Exercise =>
Return each line of the listing below, unchanged, and omit the images.

Data extract =>
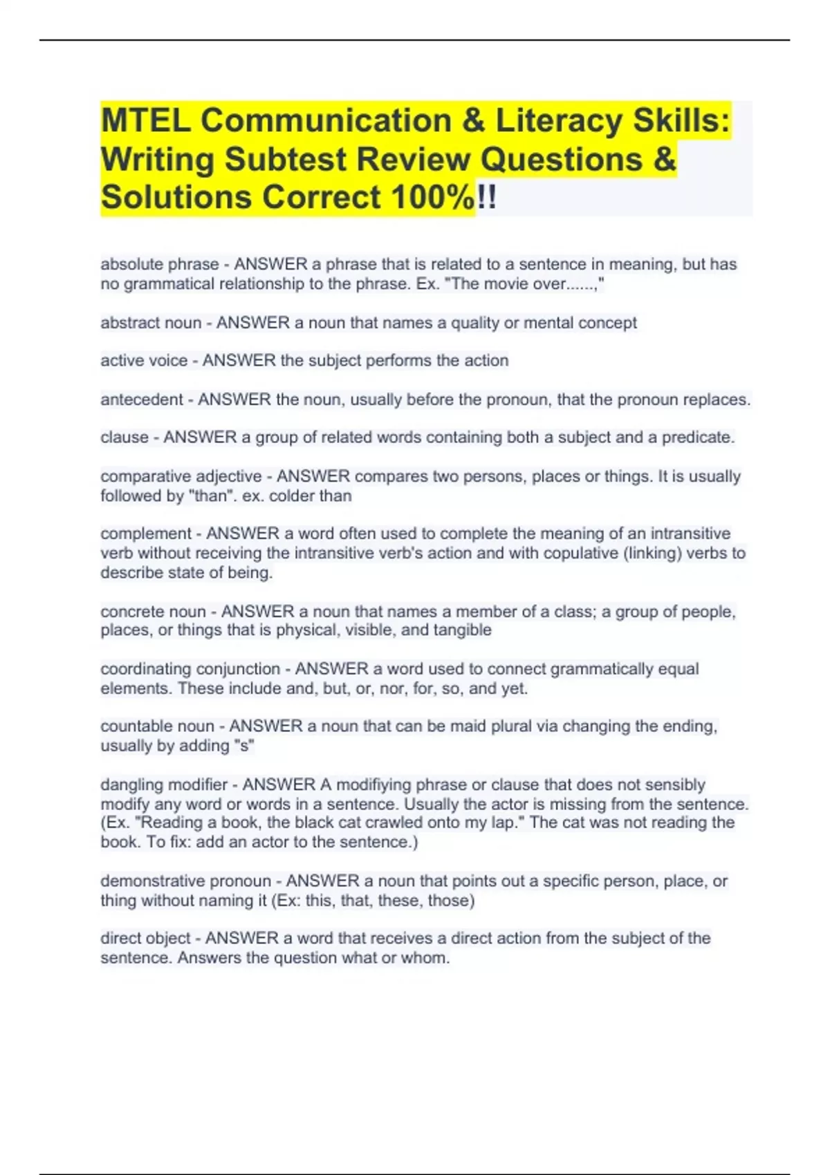 MTEL Communication & Literacy Skills: Writing Subtest Review Questions & Solutions Correct 100%!!
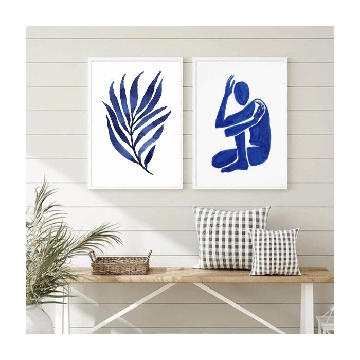Conjunto 2 Quadros Azul Marinho Abstrato Folha homem 24x18cm:madeira Preta Azul Marinho
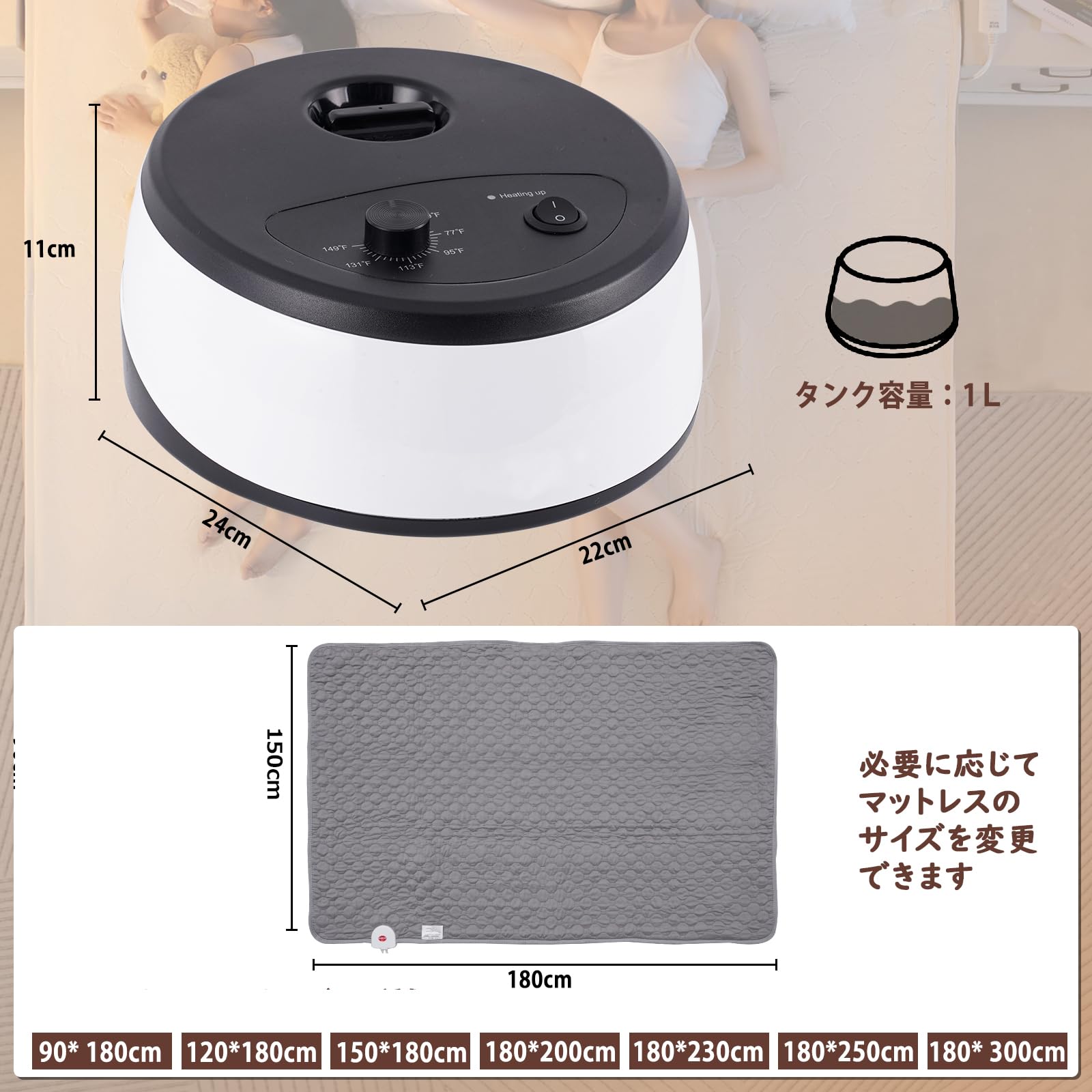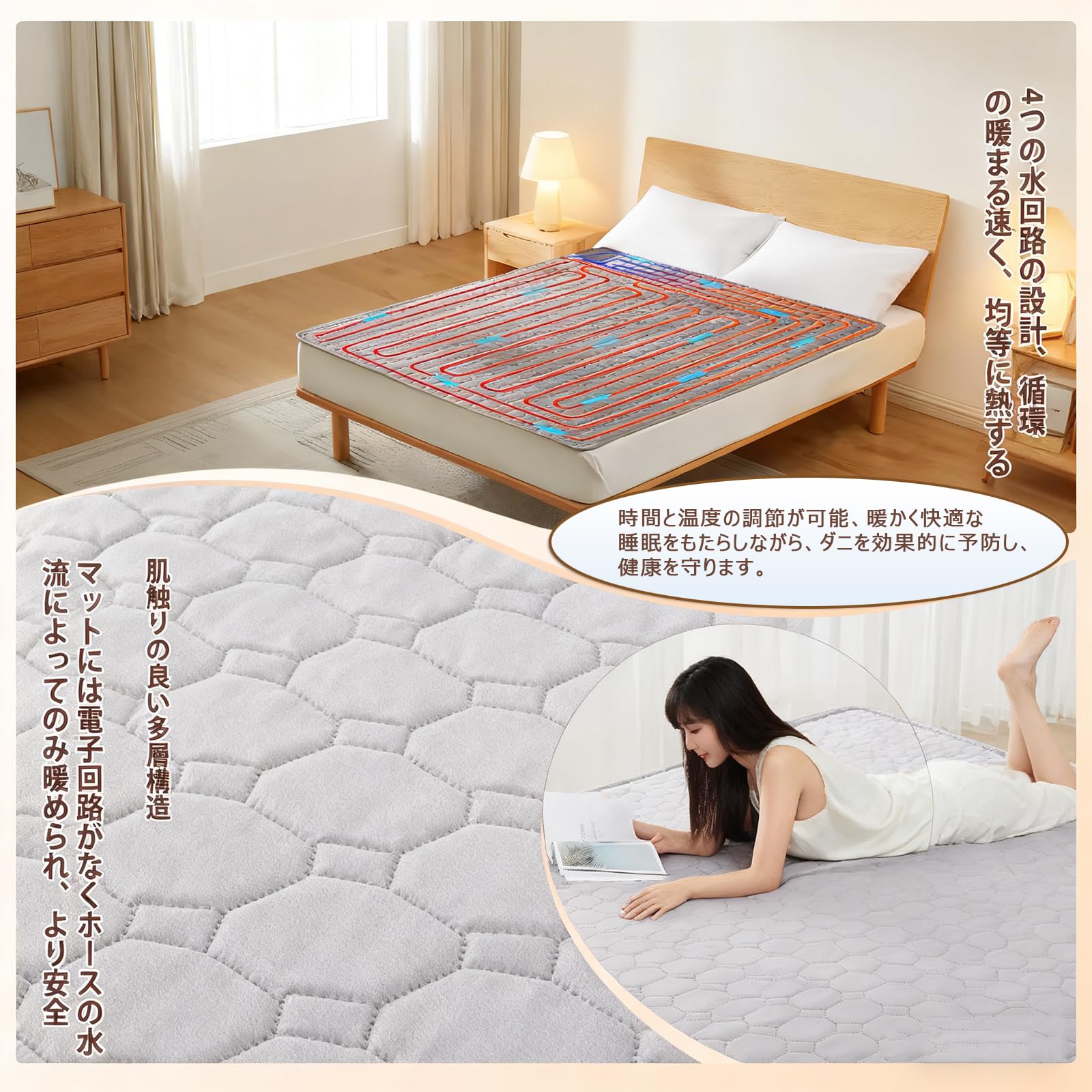 BAOSHISHAN 温水マット 温水循環マット ぽかぽか温水マット 150*180cm 温水暖房 快眠マットレス ウォーターマット 温水敷きふとん タイマー 温度調節可能 騒音≤20dB 電磁波なし 乾かない 水不足保護/高温保護/傾斜保護 恒温節電 110V 日本語説明書付き

Solution =>
 MTEL Communication & Literacy Skills: Writing Subtest Review Questions & Solutions Correct 100%!!
Conjunto 2 Quadros Azul Marinho Abstrato Folha homem 24x18cm:madeira Preta Azul Marinho
 BAOSHISHAN 温水マット 温水循環マット ぽかぽか温水マット 150*180cm 温水暖房 快眠マットレス ウォーターマット 温水敷きふとん タイマー 温度調節可能 騒音≤20dB 電磁波なし 乾かない 水不足保護/高温保護/傾斜保護 恒温節電 110V 日本語説明書付き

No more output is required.